Retype each entry exactly. Skip any pictures.

Data extract
=== Section Start ===

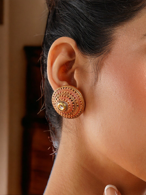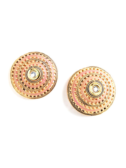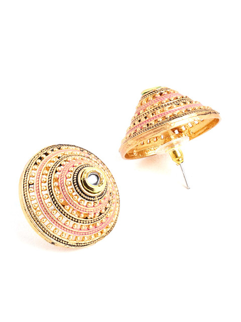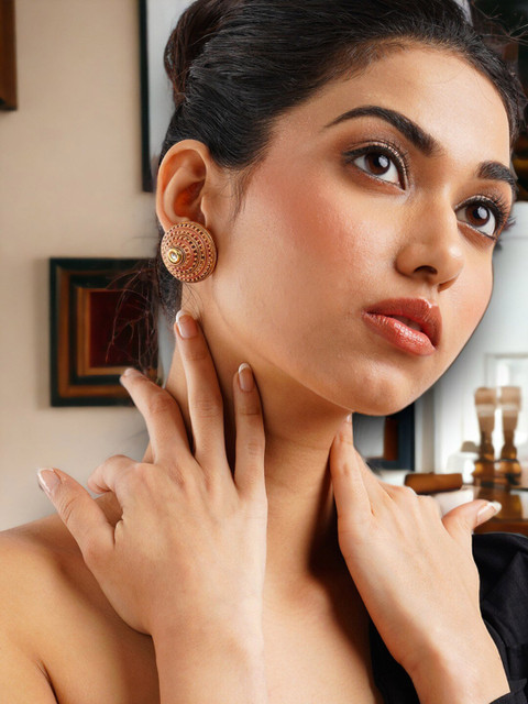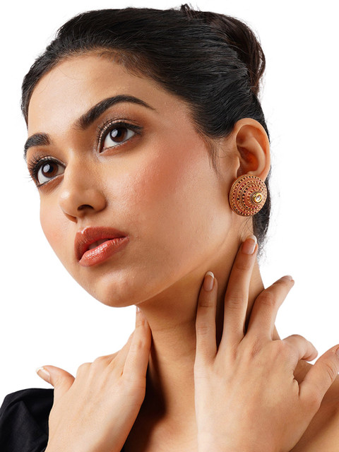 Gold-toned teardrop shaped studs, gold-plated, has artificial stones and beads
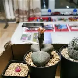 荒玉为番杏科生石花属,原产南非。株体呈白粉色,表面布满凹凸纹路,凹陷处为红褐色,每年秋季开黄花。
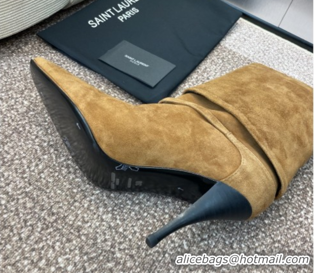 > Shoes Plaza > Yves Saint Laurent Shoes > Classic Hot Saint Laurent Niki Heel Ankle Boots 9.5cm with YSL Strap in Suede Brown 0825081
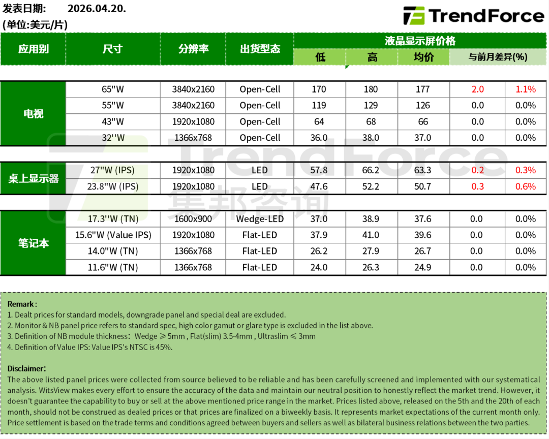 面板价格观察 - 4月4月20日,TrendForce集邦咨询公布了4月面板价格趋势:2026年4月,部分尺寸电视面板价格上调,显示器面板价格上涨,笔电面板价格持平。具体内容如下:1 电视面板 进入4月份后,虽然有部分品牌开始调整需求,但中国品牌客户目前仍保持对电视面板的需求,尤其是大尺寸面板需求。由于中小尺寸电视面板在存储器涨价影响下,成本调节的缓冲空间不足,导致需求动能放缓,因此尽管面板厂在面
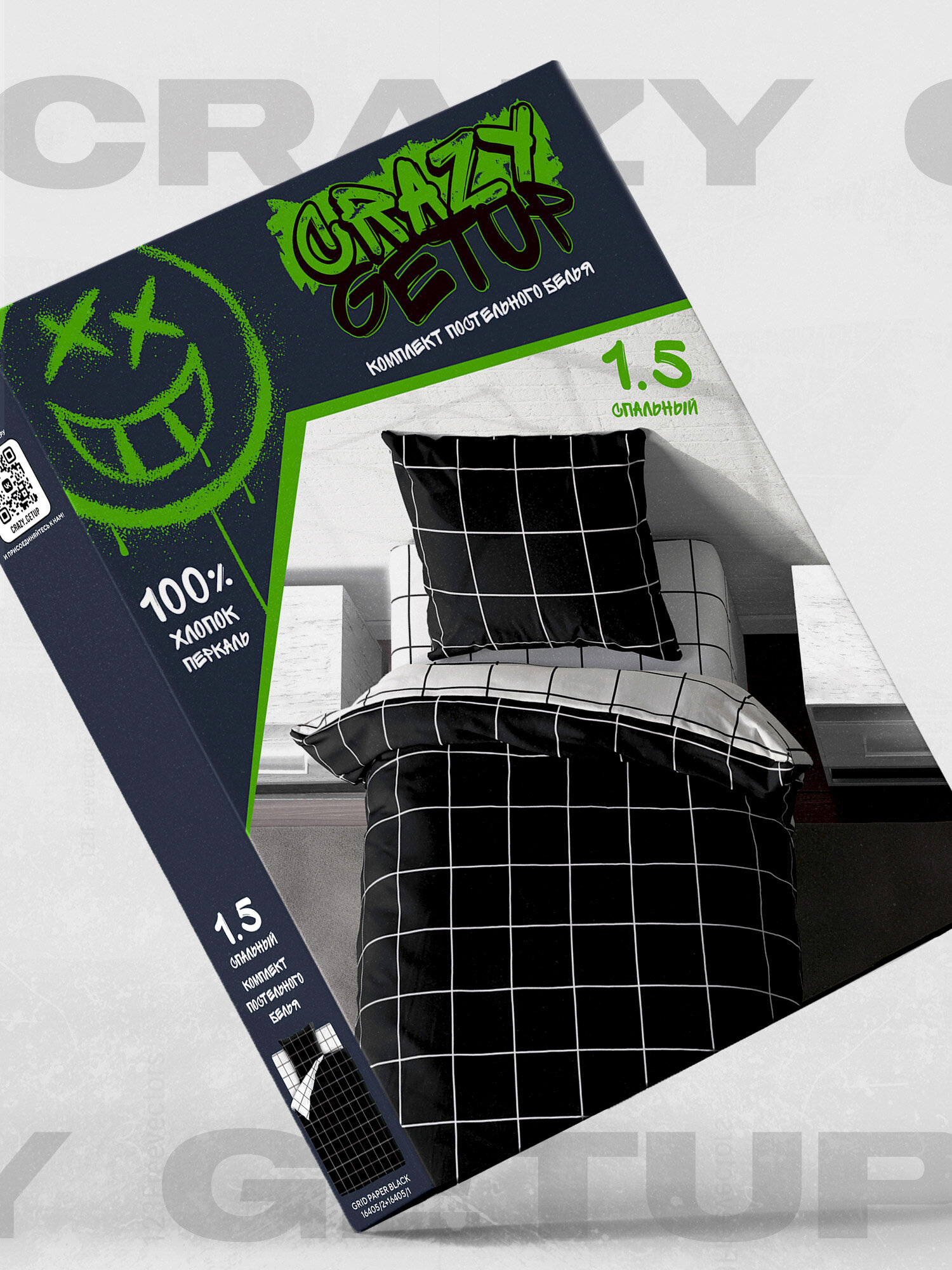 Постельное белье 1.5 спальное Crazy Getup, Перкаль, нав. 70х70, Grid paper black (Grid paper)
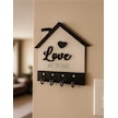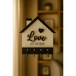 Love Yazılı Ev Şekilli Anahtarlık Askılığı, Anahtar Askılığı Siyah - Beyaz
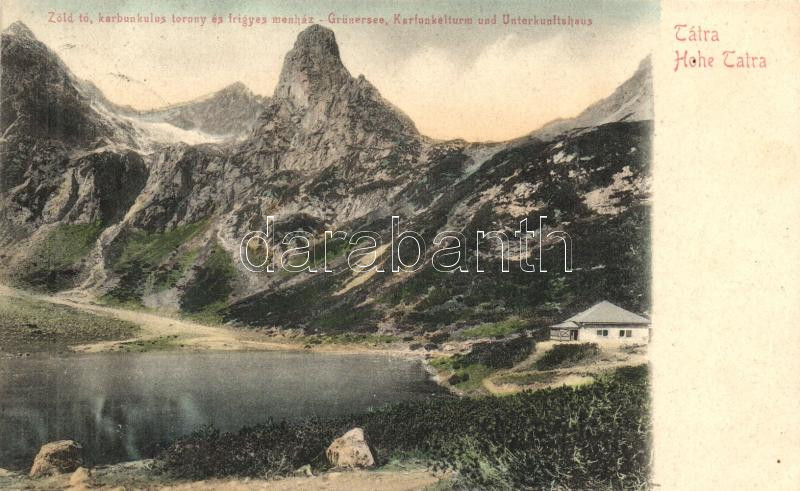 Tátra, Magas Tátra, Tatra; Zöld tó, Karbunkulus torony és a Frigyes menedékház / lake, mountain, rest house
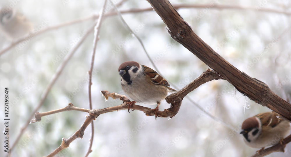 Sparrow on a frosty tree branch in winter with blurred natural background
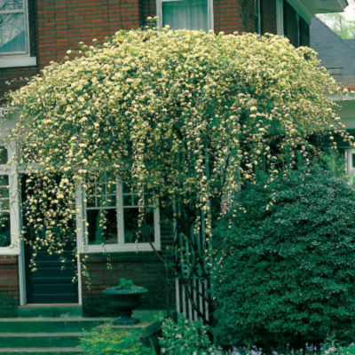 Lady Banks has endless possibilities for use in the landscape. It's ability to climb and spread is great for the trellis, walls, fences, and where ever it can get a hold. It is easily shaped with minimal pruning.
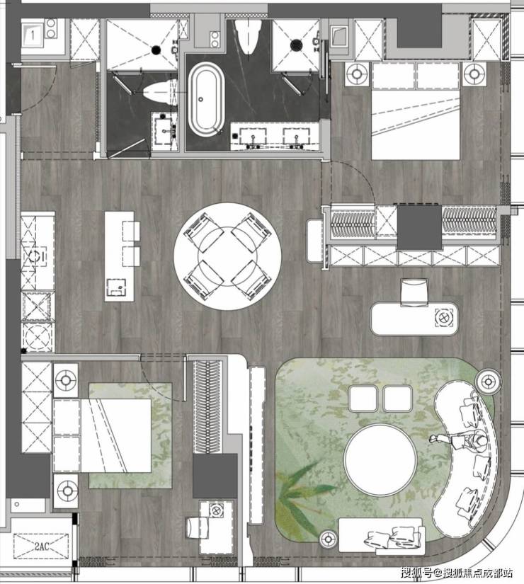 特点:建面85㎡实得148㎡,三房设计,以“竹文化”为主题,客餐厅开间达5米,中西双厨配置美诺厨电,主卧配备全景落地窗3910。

=== Section End ===

Answer to the exercise
 Gold-toned teardrop shaped studs, gold-plated, has artificial stones and beads
 荒玉为番杏科生石花属,原产南非。株体呈白粉色,表面布满凹凸纹路,凹陷处为红褐色,每年秋季开黄花。
 > Shoes Plaza > Yves Saint Laurent Shoes > Classic Hot Saint Laurent Niki Heel Ankle Boots 9.5cm with YSL Strap in Suede Brown 0825081
 面板价格观察 - 4月4月20日,TrendForce集邦咨询公布了4月面板价格趋势:2026年4月,部分尺寸电视面板价格上调,显示器面板价格上涨,笔电面板价格持平。具体内容如下:1 电视面板 进入4月份后,虽然有部分品牌开始调整需求,但中国品牌客户目前仍保持对电视面板的需求,尤其是大尺寸面板需求。由于中小尺寸电视面板在存储器涨价影响下,成本调节的缓冲空间不足,导致需求动能放缓,因此尽管面板厂在面
 Постельное белье 1.5 спальное Crazy Getup, Перкаль, нав. 70х70, Grid paper black (Grid paper)
 Love Yazılı Ev Şekilli Anahtarlık Askılığı, Anahtar Askılığı Siyah - Beyaz
 Tátra, Magas Tátra, Tatra; Zöld tó, Karbunkulus torony és a Frigyes menedékház / lake, mountain, rest house
 Sparrow on a frosty tree branch in winter with blurred natural background
 Lady Banks has endless possibilities for use in the landscape. It's ability to climb and spread is great for the trellis, walls, fences, and where ever it can get a hold. It is easily shaped with minimal pruning.
 特点:建面85㎡实得148㎡,三房设计,以“竹文化”为主题,客餐厅开间达5米,中西双厨配置美诺厨电,主卧配备全景落地窗3910。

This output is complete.